1. CDAP: Gating private information from shared space then projecting to adaptive subspaces

While shared feature extraction mitigates modality gaps, constraints only acting on shared parts allow modality-private information to leak and contaminate alignment. CDAP blocks this leakage via "decompose-gate-project." In the decomposition stage, each scale uses a shared extractor \(E_{sh}^i\) for modality-invariant components and modality-specific extractors \(E_{pf/m}^i\) for private components. In the gating stage (ILDA), neighboring scale semantics are used as cross-scale attention to explicitly subtract private components: \(\widetilde{F}_i^s = \alpha_i^s \odot F_i^s - \gamma^i \alpha_i^p \odot F_i^p\), where weights \(\alpha_i^s, \alpha_i^p\) are calculated via cross-scale attention. In the projection stage (DSS), a set of approximately orthogonal bases \(W_i^s = Gen^i(z_i^s)\) is generated in a data-adaptive manner to project the gated features: \(\hat{F}_i^s = \widetilde{F}_i^s W_i^{s\top}\), which is more flexible than fixed projection and results in a more compact shared space.
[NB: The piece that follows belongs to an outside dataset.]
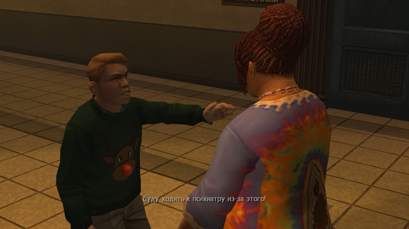 Мне хочется задаться вопросом, а в чём была сверхзадача Rockstar и братьев Хаузеров? Есть три версии — одна дебильная и две другие адекватные. Начиная с дебильной, авторы культивировали насилие среди подростков, создав игру буквально о школьном буллинге. Очевидно, это мы отметаем сразу.

2. HPPM: Non-iterative joint prediction of rigid + non-rigid transformations in a unified feature space

Serial hybrid registration (rigid then non-rigid) estimates components separately in different feature spaces, leading to error propagation. HPPM integrates rigid and non-rigid estimation into a single 5-scale coarse-to-fine pipeline. At the coarsest scale, global rigid parameters \(H\) are estimated via HRB (with GAP + FC) and encoded into a coarse deformation field. For subsequent scales, the previous transformation \(\phi_{i-1}\) is upsampled to warp the current moving features; after concatenation, HRB estimates the residual \(\phi_i' = \text{conv}(f_i)\), updating the field as \(\phi_i = \text{upsample}(\phi_{i-1}) + \phi_i'\). Rigid predictions are immediately converted to flow and refined progressively. Internally, HRB uses two RSSB (Residual State Space Blocks, based on Mamba) to model long-range dependencies, capturing global structural relationships crucial for registration at low computational cost.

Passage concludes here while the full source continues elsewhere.